At least if you know the type is gone forever, you can designate a lectotype. But it takes time to find any duplicates in other herbaria, since one of them should be designated the type if the holotype is gone, or to be sure that there are no extant duplicates so you have to select an appropriate specimen as the lectotype.
I think that I speak for the Aroid community in saying that we are thankful that professor Croat does not take this approach. He publishes new species in nearly every issue of Aroideana, and if he waited until he had a comprehensive work, they would likely still be undescribed.
On the other hand, it is legitimate for the author to wait until he/she is comfortable with the full picture. Describing a new species and being told later that it is a junior synonym of an obscure old name is something we DO prefer to avoid.
Simply because the whole business if neither simple nor easy . This a good summary:
Aside: Better not anticipate new scientific names in a “non-publication”…
I recall a case where a new subspecies of lizard had been described in an unpublished work, maybe a thesis, and it included a proposed scientific name.

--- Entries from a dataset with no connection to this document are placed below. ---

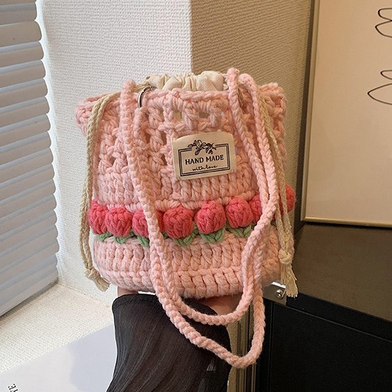 ショルダーバッグ 花 糸編み 針編み 春夏 韓国ファッション デザイン かわいい
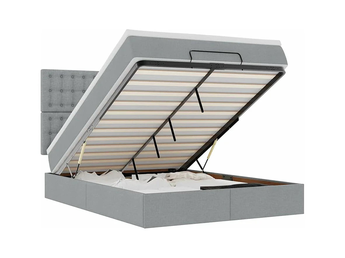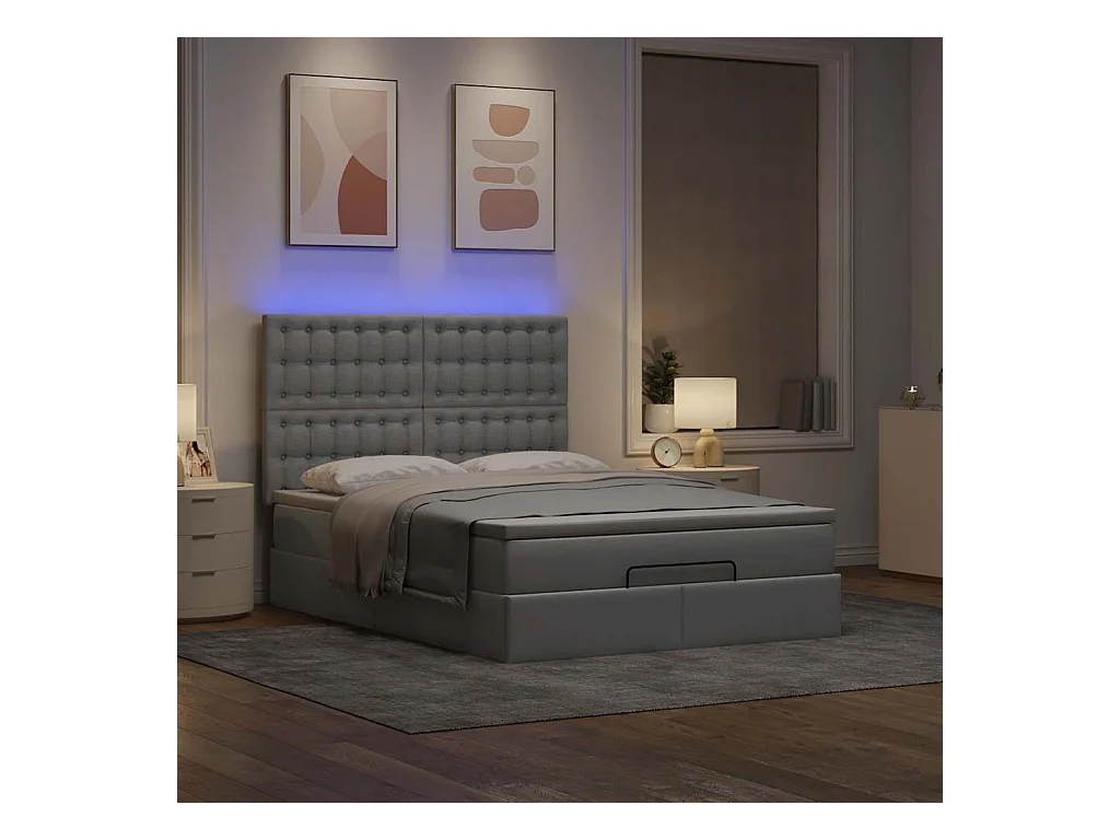 Ottoman bed met matras en LED's 140x190cm stof lichtgrijs
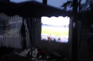Несколько нормальных людей посмотрели с удовольствием матч. Я, например, выпил две банки пива, остальные примерно столько же. Не орали, уровень звука - чтобы было слышно нам. Не смотревшие футбол сидели практически рядом у костра с гитарой, мы им не мешали.
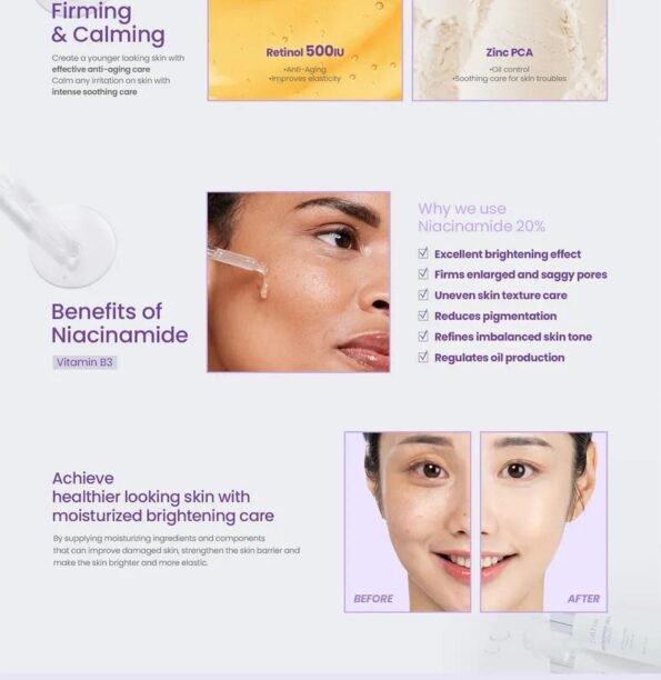 - Niacinamde 20%, Alpha Arbutin 2%, and Glutathione offer transparent and sparkling skin, while Retinol 500IU and Zinc PCA create younger-looking skin with effective anti-aging care and calm-only irritation on skin with intense soothing care.
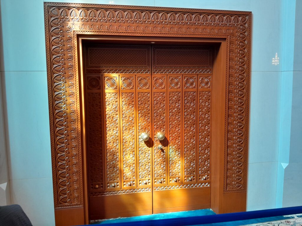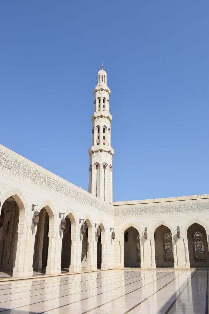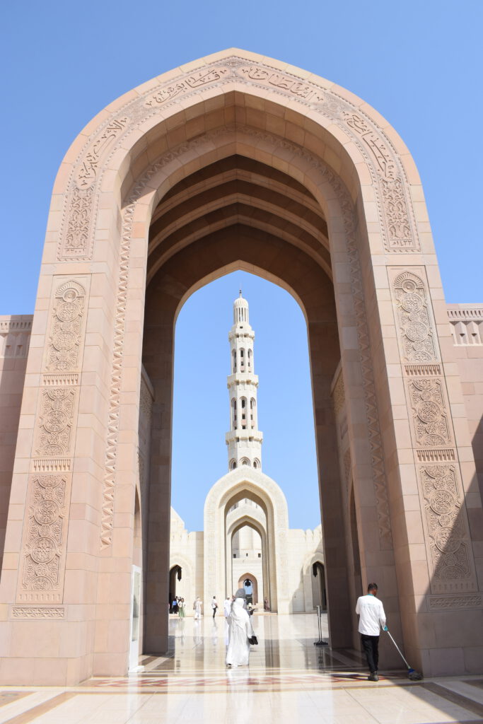 Die Große Moschee, wie die Sultan Qaboos Grand Moschee von Muskat von den Einheimischen genannt wird, ist einer der prächtigsten Sakralbauten, die ich je gesehen habe. Die fünf Minarette mahnen an die fünf Pfeiler des Islam, alle Zahlen und Maße sind Superlative, z.B. finden in der großen Gebetshalle 6600 Gläubige Platz. Beim Anblick des riesigen Kronleuchters aus Swarovsky Kristallen, den edlen persischen Teppichen und den Wänden aus feinstem Carrara-Marmor waren wir geradezu überwältigt. Wir hatten uns alle korrekt gekleidet und die Schuhe in den Regalen am Eingang abgestellt, so durften wir jeden Bereich der Moschee betreten, sogar die Räume für die religiösen Waschungen und die Bibliothek.

The new description was in the works for formal publication when someone else prepared and published a dichotomous key to the lizards in that genus and used that new name, with a description of the taxon’s characteristics, presumably taken from the unpublished document. Unintentionally, the author of that key became the describer of that subspecies … the original researcher got scooped.
In another case, two authors inadvertently scooped themselves by describing a new snake in a magazine prior to the formal description in a biological journal.
My flippant comment will not get picked up by the relevant biologist?
Reminds me of a case where a National Geographic article was timed to come out a little after a spectacular fossil was described. The technical article got delayed, though, so the author of the Nat’l Geo article became the author of the name.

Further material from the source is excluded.